Sandwiched between these sales was the deal for the Varyag, which did not actually make it to China until 2002 because Turkey feared that the vessel, which required towing, could founder in the Bosphorus and impede shipping. After an extended drydock visit, the Varyag was moved to the northern Chinese port of Dalian, its current residence.
Recent speculation over the uses of the Varyag has focused on the repainting of the ship in navy gray and its apparent inactivity in terms of civilian uses. Although these facts are suggestive, they are not as significant as the tight perimeter security surrounding the ship.
Most significantly, China reached a deal with Russia in late 2006 for up to 50 Su-33 fighter aircraft, which the Sukhoi aviation bureau designed specifically for carrier operations.
While some analysts believe that China wants to deploy a carrier by 2010, skeptics raise a number of questions that cast doubt on the existence of such a goal. However, alternative answers are available for these questions – and taken together, the ‘column B’ answers are even more worrisome for those nations, such as India, who fear China’s regional ambitions.
CARRIER PROGRAMME QUESTIONS
Why was the Varyag was bought stripped? In an age of rapidly evolving technology, China may have believed that the original electronics suite was obsolescent anyway. Similarly, China may have felt that its own steam turbine technology would be an improvement on the earlier-generation Russian propulsion systems, which were never the most reliable to begin with. What mattered was the implementation and effectiveness of the Varyag’s structural design – the element of the ship least sensitive to technological change.

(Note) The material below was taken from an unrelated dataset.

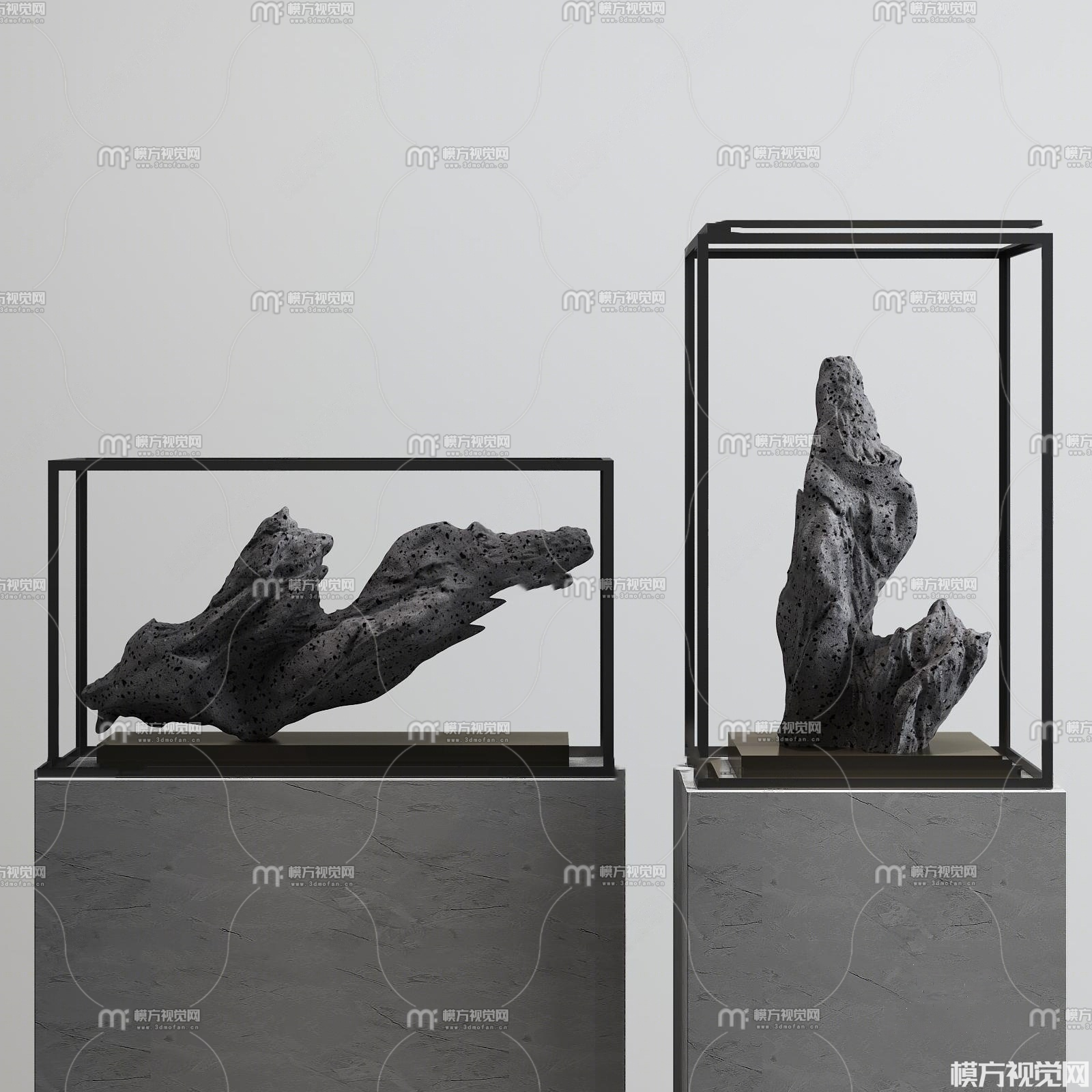 新中式石头雕塑摆件3D模型(ID:0038145)

If seagoing aviation is so important to China, why did it scrap the Minsk and Kiev? Tellingly, the Soviets classified these ships as ‘heavy aircraft-capable cruisers’ primarily oriented toward anti-ship and anti-submarine operations.

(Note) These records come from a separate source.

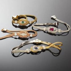 In this unique ensemble of a necklace, earrings and a ring, the power of nature is merged with the experienced design artistry and unrivalled gold smithing (...)
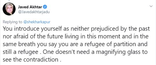 "You introduce yourself as neither prejudiced by the past nor afraid of the future living in this moment and in the same breath you say you are a refugee of partition and still a refugee. One doesn't need a magnifying glass to see the contradiction," he tweeted.
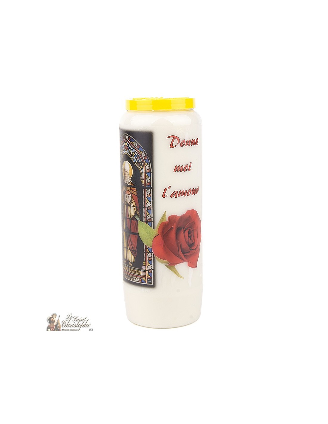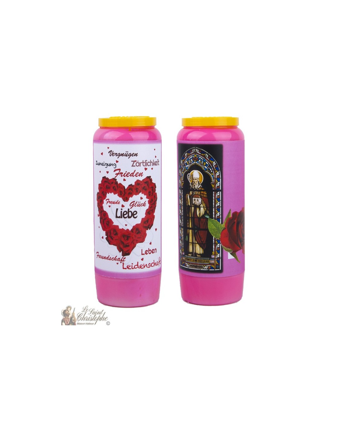 Vela de novena con la imagen de San Valentín con oración en el reverso por el amor de los novios.

China does not want a carrier for these reasons: consistent with its vision of asymmetric warfare, China would attack US surface warships with subs and long-range missiles, and may regard US sub-hunting as an overly challenging and expensive proposition relative to the rewards it could plausibly bring. China wants a carrier for the same reasons that US war planners like them so much: flexible inshore and overland power projection in remote locations such as the Indian littoral and Persian Gulf, which carries an ever-increasing supply of inbound oil and outbound trade.

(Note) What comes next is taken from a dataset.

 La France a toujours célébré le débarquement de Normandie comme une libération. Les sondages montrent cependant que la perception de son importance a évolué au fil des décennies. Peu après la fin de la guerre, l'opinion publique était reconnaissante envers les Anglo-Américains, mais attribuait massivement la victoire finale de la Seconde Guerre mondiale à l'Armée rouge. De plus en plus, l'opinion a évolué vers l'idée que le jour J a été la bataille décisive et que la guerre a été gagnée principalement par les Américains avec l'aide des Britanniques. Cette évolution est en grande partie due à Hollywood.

Why did the Chinese reportedly decline French and Spanish offers to build carriers for them in the 1990s? Tellingly, the Chinese were least impressed by the French offer, which was contingent on Chinese purchases of the accompanying electronics and aircraft (unlike the Russian fire sales of stripped-down vessels). Given its great-power aspirations, China probably feels duty-bound to make rather than buy – and may believe the learning experience of building its own may be more beneficial in the long term.
In this light the long gestation period of the Chinese aircraft carrier programme results neither from technological backwardness nor low prioritisation, but rather from a ‘just-in-time’ approach to assembling components of a grand maritime strategy.
- Don’t operate a carrier until US carriers can be neutralised
- Don’t subject a carrier to sea trials until the associated aircraft and pilots have been tested and trained – which can be done initially through simulated ‘short runway, timed landing’ training on land
- Don’t fit a carrier out until the last minute, to allow component technology to develop as much as possible.
Patience, it seems, is not only a virtue, but good common sense as well.